Examples of types of foundational and clinical lead-ins

  • Which of the following is the most like cause/mechanism of this effect?
  • Which of the following is the most likely causal infectious agent?
  • This patient most likely has a defect in which of the following?
  • This patient most likely has a defect in which of the following enzymes?
  • Which of the following cytokines is the most likely cause of this condition?
  • Which of the following structures is at greatest risk for damage during this procedure?
  • The most appropriate medication for this patient will have which of the following mechanisms of action?
  • Which of the following factors in the patient’s history most increased his/her risk for developing this condition?
  • Which of the following is the most likely explanation for these findings?
  • Which of the following is the most likely location of the patient’s lesion?
  • Which of the following is the most likely pathogen?
  • Which of the following findings is most likely to be increased/decreased?
  • Which of the following is the most appropriate intervention?
  • For which of the following conditions is the patient at greatest risk?
  • Which of the following is most likely to have prevented this condition?
  • Which of the following is the most appropriate next step in management to prevent morbidity/mortality/disability?
  • Which of the following is the most likely diagnosis?
  • Which of the following is the most appropriate next step in diagnosis?
  • Which of the following is most likely to confirm the diagnosis?
  • Which of the following is the most appropriate initial or next step in patient care?
  • Which of the following is the most effective management?
  • Which of the following is the most appropriate pharmacotherapy?
  • Which of the following is the first priority in caring for this patient?

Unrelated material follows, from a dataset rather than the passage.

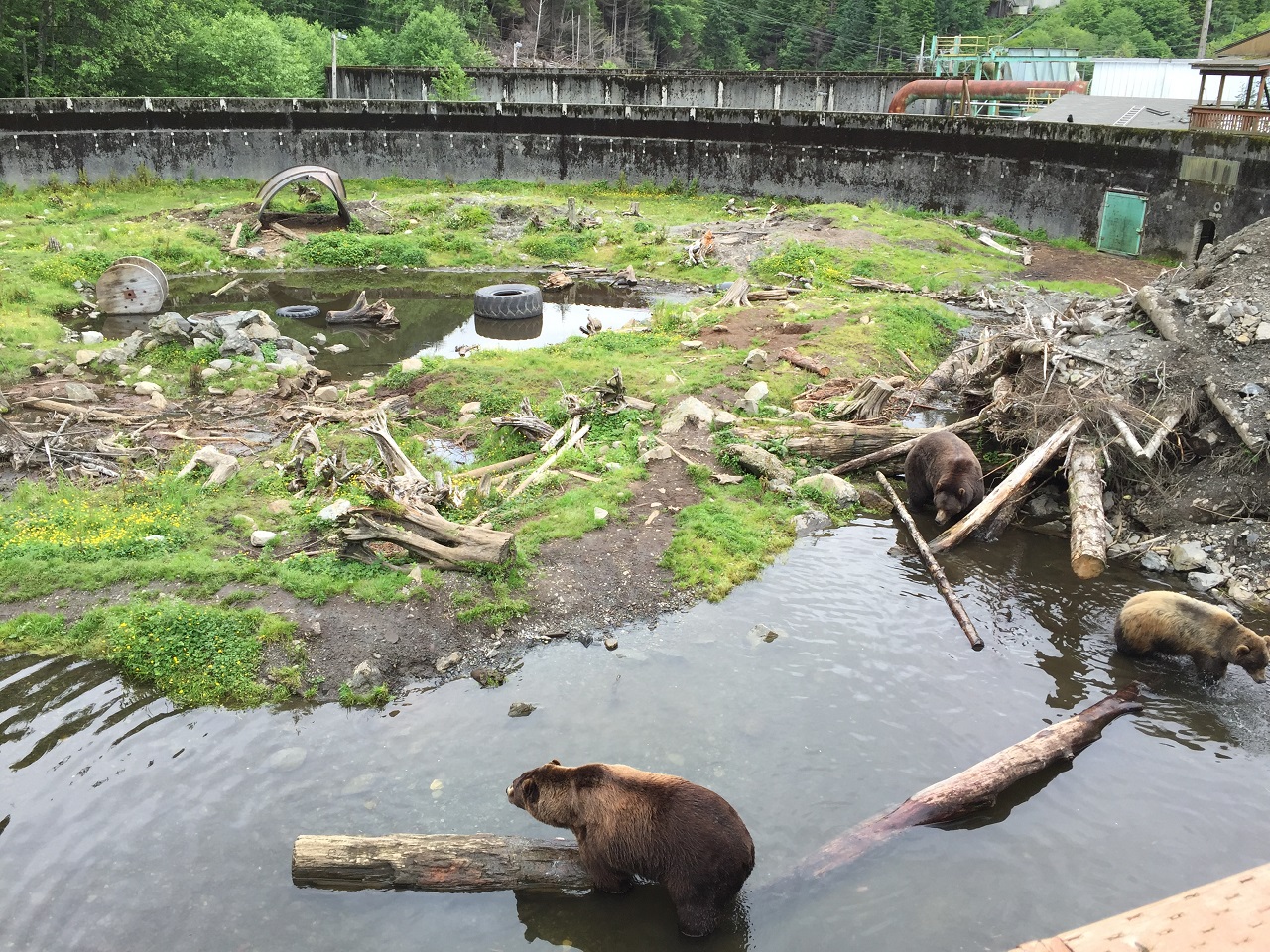 Hard to imagine but Alaska doesn’t have any laws on the books to protect bears with rehabilitation programs. “Bullets are cheaper” I was told by the Fortress of the Bear staff member when I asked why the bears needed to be rescued. She told me a story of a hotel owner who was luring bears into town so his hotel guests could “spot” bears on their trip. I was disgusted, but when the mama bear was trapped looking for food she was shot and killed as an act of self-defense (legal). The Alaska Department of Fish & Game would then normally kill (euthanize) the cubs who can’t survive without their mother. But in 2007, the Fortress of the Bear was born in Sitka, Alaska to rescue and rehab bear cubs. Now the Department of Fish & Game works with the Fortress of the Bear rescue in the hopes of someday releasing the bears back into the wild. For now, the Fortress of the Bear has a few permanent residents while others get rehabbed and relocated to zoos and other rescues across the United States.

Example of grammatical cues

A 60-year-old man is brought to the emergency department by the police who found him lying unconscious on the sidewalk. After ascertaining that the airway is open, the first step in management should be intravenous administration of

  1. Examination of CSF
  2. Glucose with vitamin B1 (thiamine)
  3. CT scan of the head
  4. Phenytoin
  5. Diazepam

Options A and C do not follow logically from the stem.

Logical Cues

Crime is

  1. Equally distributed among the social classes
  2. Overrepresented among the poor
  3. Overrepresented among the middle class and rich
  4. Primarily an indication of psychosexual maladjustment
  5. Reaching a plateau of tolerability for the nation

Options A, B, and C include all possibilities so the student knows that one must be correct.

Absolute terms

In patients with advanced dementia, Alzheimer’s type, the memory defect

  1. Can be treated adequately with phosphatidylcholine
  2. Could be a sequel of early parkinsonism
  3. Is never seen in patients with neurofibrillary tangles at autopsy
  4. Is never severe
  5. Possibly involves the cholinergic system

Options C and D can be eliminated based on the absolute terms.

Word Repeats

A 58-year-old man with a history of heavy alcohol use and previous psychiatric hospitalizations is confused and agitated. He speaks of experiencing the world as unreal. This symptom is called

  1. Depersonalization
  2. Derailment
  3. Derealization
  4. Focal memory deficit
  5. Signal anxiety

Unreal appears in the stem and in the options.